JABARTODAY.COM, BANDUNG — Guna mencegah radikalisme dan anarkisme, Pemerintah Kota (Pemkot) Bandung melalui Dinas Kependudukan dan Catatan Sipil (Disdukcapil) menggelar operasi simpatik.

Selain itu, operasis impatik kependudukan yang menyisir warga pendatang ini juga bertujuan tertib adminstrasi.

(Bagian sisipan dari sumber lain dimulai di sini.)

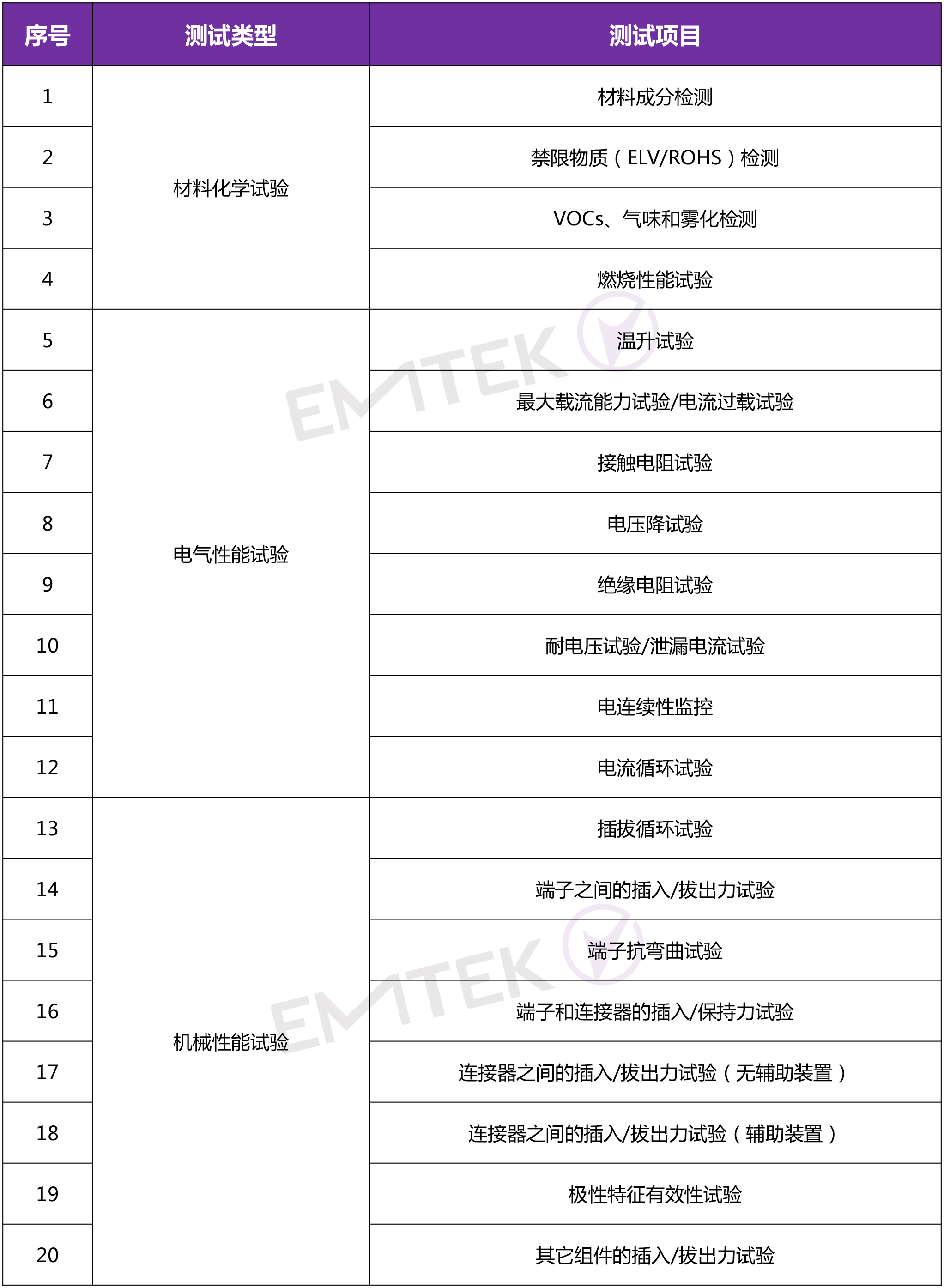 连接器等线束附件的测试包括材料化学、电气性能、机械性能和环境性能试验。
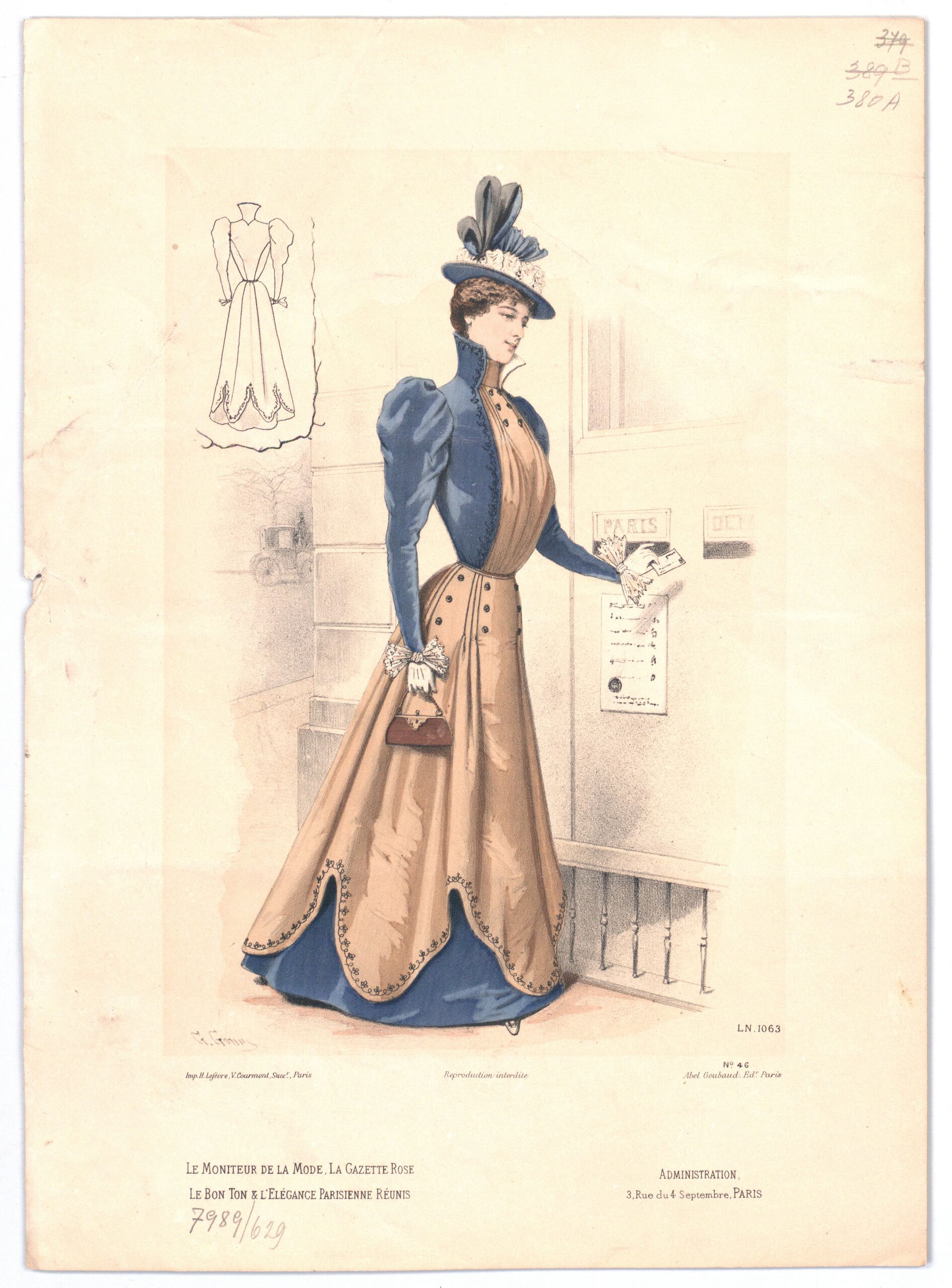 - 作品に記載されている文章: G. Gonin; LN. 1063; Imp. H. Lefévre, V. Courmont, Succ.r, Paris; Reproduction Interdite; N° 46 1896 / Abel Goubaud Ed. Paris; Le Moniteur de la Mode, la gazette rose / le bon ton & l'elégance parisienne réunis; Administration, / 3, Rue du 4 Septembre, PARIS

Pada pelaksanaannya, Disdukcapil Kota Bandung bekerja sama dengan aparat kewilayahan. Operasi terutama difokuskan kepada warga yang belum memiliki identitas kependudukan, khususnya warga pendatang.

“Jangan sampai warga ini tidak terdata. Terutama lembaga masyarakat RT atau RW, yang penting identitas kependudukannya harus jelas. Upayanya memasifkan operasi simpatik tetap berjalan,” kata Sekretaris Kota Bandung, Uum Sumiati, Kamis (31/10/2019).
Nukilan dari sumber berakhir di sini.